La stagione attuale si è rivelata complessa per la squadra svedese di sci di fondo, con un numero limitato di podi finora conquistati. Tra le difficoltà più evidenti spicca quella di William Poromaa, vice-campione del mondo in carica nella 50km ai Mondiali di Trondheim. Il suo percorso di avvicinamento alle prossime Olimpiadi è stato segnato da un infortunio alle costole subito durante la 20km del Capodanno, costringendolo a proseguire il Tour de Ski con forti dolori. Nonostante il disagio, il team è ottimista riguardo alla sua partecipazione ai giochi a cinque cerchi, che rappresentano il culmine della sua preparazione.
La determinazione di Poromaa: un infortunio non ferma il sogno olimpico
Nella fredda mattinata del 22 gennaio 2026, l'attenzione del mondo dello sci di fondo si è concentrata sulla Svezia, e in particolare su William Poromaa. Il talentuoso sciatore, già vice-campione del mondo nella 50km, sta affrontando un periodo difficile a causa di un infortunio alle costole rimediato il Capodanno durante la 20km del Tour de Ski. Questo incidente ha condizionato la sua performance nel resto della competizione, costringendolo a gareggiare con un dolore costante.
Lars Ljung, l'allenatore di Poromaa, ha condiviso i dettagli della situazione in un'intervista con Expressen: "È stato un periodo alquanto impegnativo. William ha accusato dolori che si sono attenuati gradualmente, ma è una condizione con cui abbiamo dovuto convivere nelle ultime settimane, modificando di conseguenza alcuni allenamenti". Proprio per questo motivo, è stata presa la decisione di escludere Poromaa dalle recenti tappe di Coppa del Mondo, sia a Oberhof che a Goms, per non aggravare la situazione. Ljung ha aggiunto: "Abbiamo analizzato la situazione e considerato Goms, ma sappiamo che William fatica ad alte quote".

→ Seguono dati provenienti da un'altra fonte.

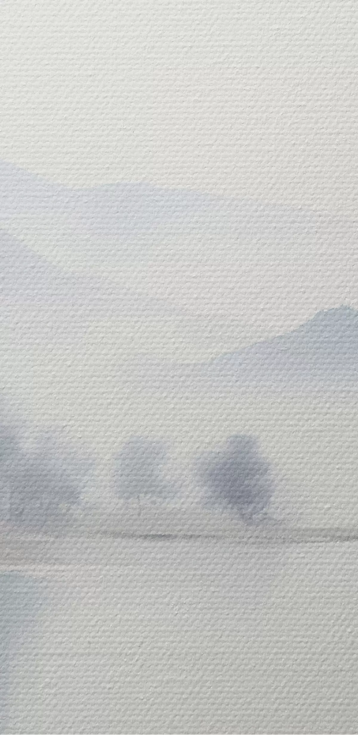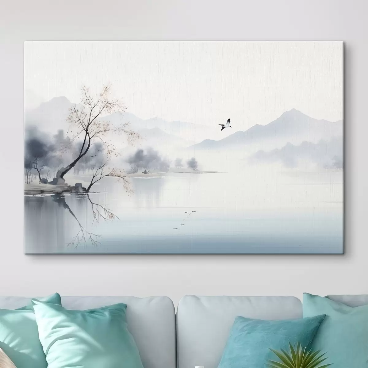 Obraz Mlžná krajina se stromem, horami a ptáky Č. s45518

Per ritrovare il ritmo agonistico, Poromaa parteciperà alla Smart Energy Cup (Coppa di Svezia) a Hudiksvall, un evento cruciale che precede le Olimpiadi, in programma tra poco più di due settimane. Nonostante il dolore persistente, l'atleta ha scelto di non ricorrere agli antidolorifici. Il suo staff, pur riconoscendo la frustrazione, non manifesta preoccupazione per le imminenti gare olimpiche. "Non siamo preoccupati, ma è frustrante non poter fare ciò che si desidera. Tuttavia, non abbiamo mai dubitato della sua capacità di farcela. Nulla potrà compromettere la sua partecipazione alle Olimpiadi", ha dichiarato Ljung, in vista del ritiro della squadra nazionale svedese a Seefeld, la prossima settimana, per l'ultima fase della preparazione olimpica.
La resilienza dello sportivo di fronte alle avversità
La vicenda di William Poromaa offre una riflessione profonda sulla resilienza e la determinazione che caratterizzano gli atleti di élite. Nonostante un infortunio significativo e una stagione non all'altezza delle aspettative, la scelta di Poromaa di evitare gli antidolorifici e di continuare la preparazione dimostra un impegno straordinario e una fede incrollabile nei propri mezzi. Questa storia sottolinea come la forza mentale e la dedizione possano superare le sfide fisiche, specialmente quando si insegue un sogno così grande come quello olimpico. È un monito a non arrendersi, a lottare con tenacia contro ogni ostacolo, ricordandoci che il vero valore di un campione non si misura solo dalle vittorie, ma anche dalla capacità di rialzarsi e perseverare di fronte alle difficoltà.